HR and Operations need clear rules on acceptable employee use, especially around shadow AI and sensitive internal information.
Sales and Commercial teams need a simple way to explain the company’s AI posture to customers and to know when Legal needs to be pulled into a negotiation.
Engineering and IT need clarity on approved tools, technical controls, and how legal commitments translate into operational requirements.
This phase is where the work becomes real for the business. The goal is not just to update documents, but to embed the new standards into frontline decisions.
Output: updated documents in active use, with role-specific training that enables each function to apply them confidently and consistently.
Phase 4: Continuous Governance
AI risk is not static, and the legal framework cannot be static either.
The final phase establishes a governance loop to keep the program current as technology, regulation, and business use cases evolve. In practice, this means Legal maintains ownership of the clause library and template set, reviews them on a regular cadence, and updates them as new issues emerge. Functional teams then refresh their guidance and training to stay aligned.
This governance layer is important for two reasons. First, it prevents the organization from slipping back into fragmented, inconsistent language across contracts and policies. Second, it gives leadership a durable mechanism to demonstrate that AI risk is being actively managed rather than handled ad hoc.

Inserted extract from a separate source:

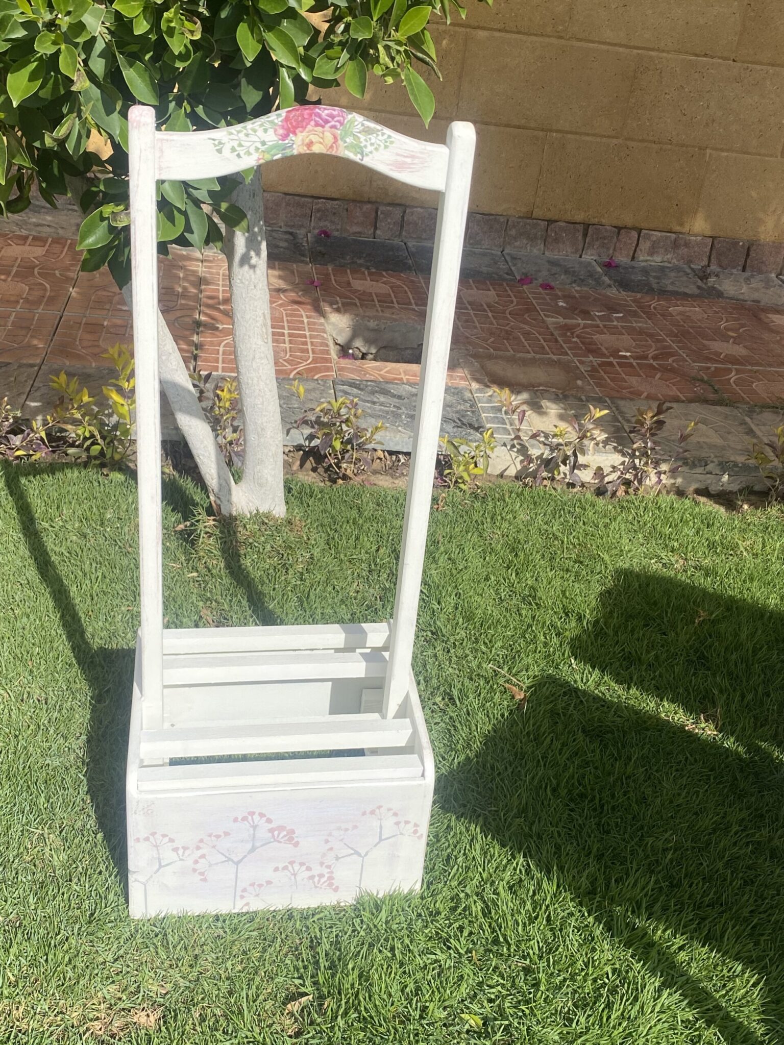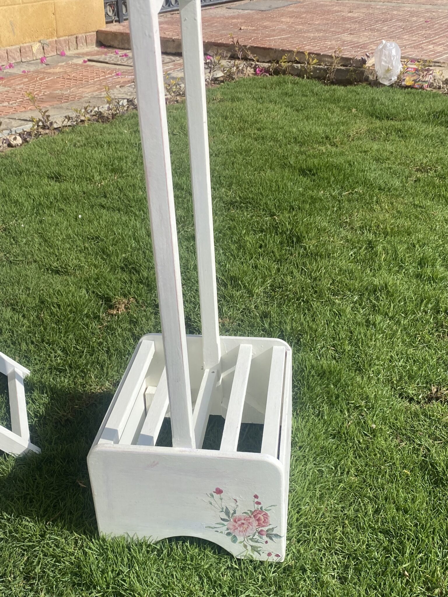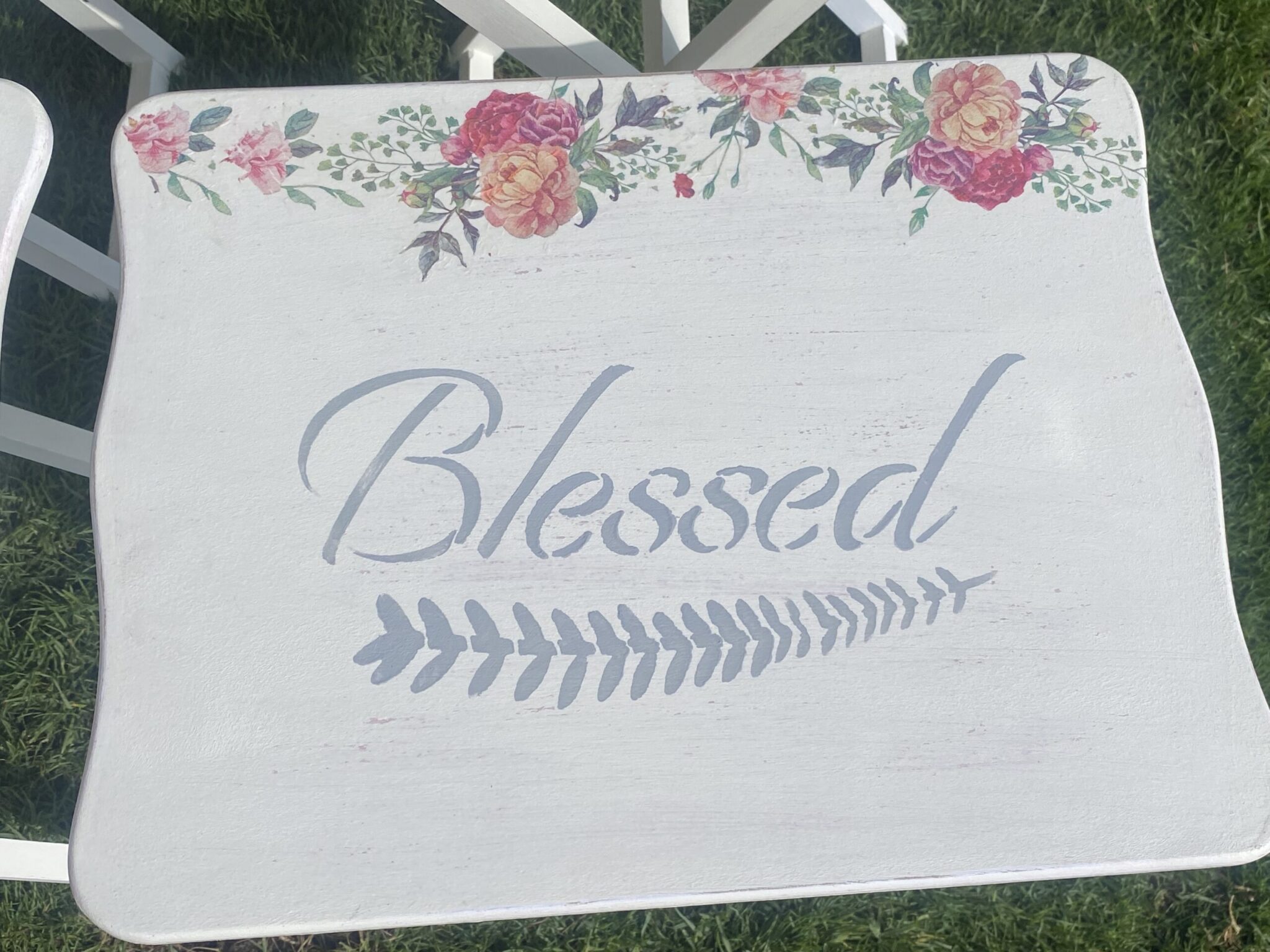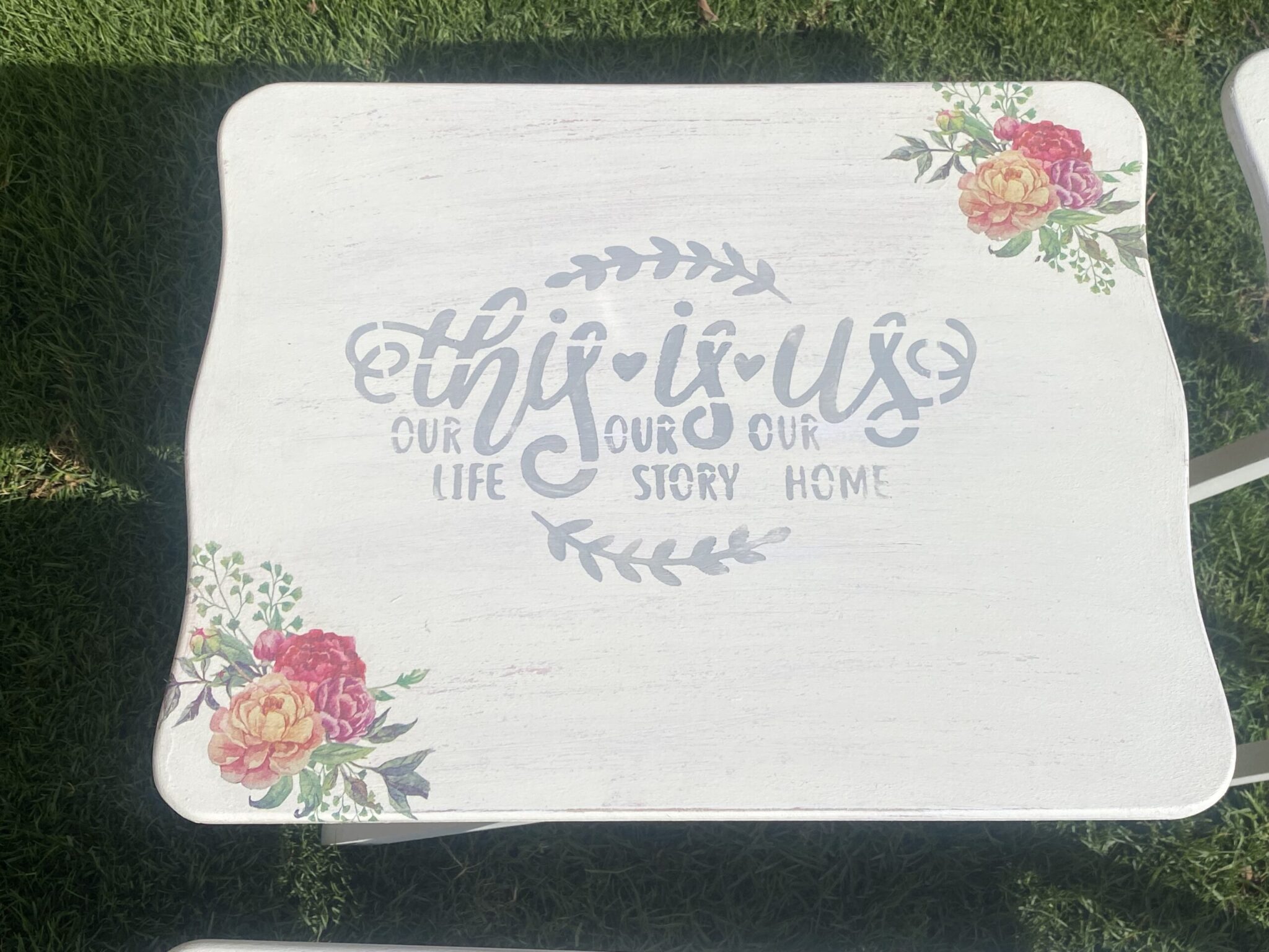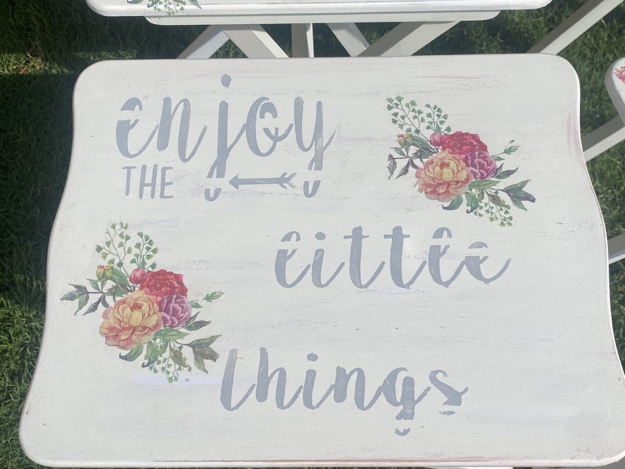 Wooden set of 4 foldable tables with spring flowers design and family quotes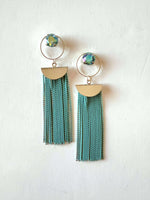 Turquoise Tassel Earrings set into Shiny Silver Metal with Crystals in Light Turquoise AB

Output: an operating model for ongoing maintenance, including periodic template review, targeted policy refreshes, and function-specific training updates.
The Results
This approach is effective because it mirrors how organizations actually absorb change. It starts by creating transparency on where the risks are, then moves quickly into practical legal updates, and finally ensures those updates are adopted by the teams that use them every day.
By the end of the process, apart from "updated contracts," our client typically had three things they did not have at the start:
Visibility into where AI-related exposure exists across contracts and policies
Control through updated legal language and clear decision rules
Sustainability through a governance model that can keep pace with future AI developments
In other words, the outcome is a workable enterprise approach to managing AI risk in a way that is legally sound, operationally realistic, and credible to regulators, customers, and the board.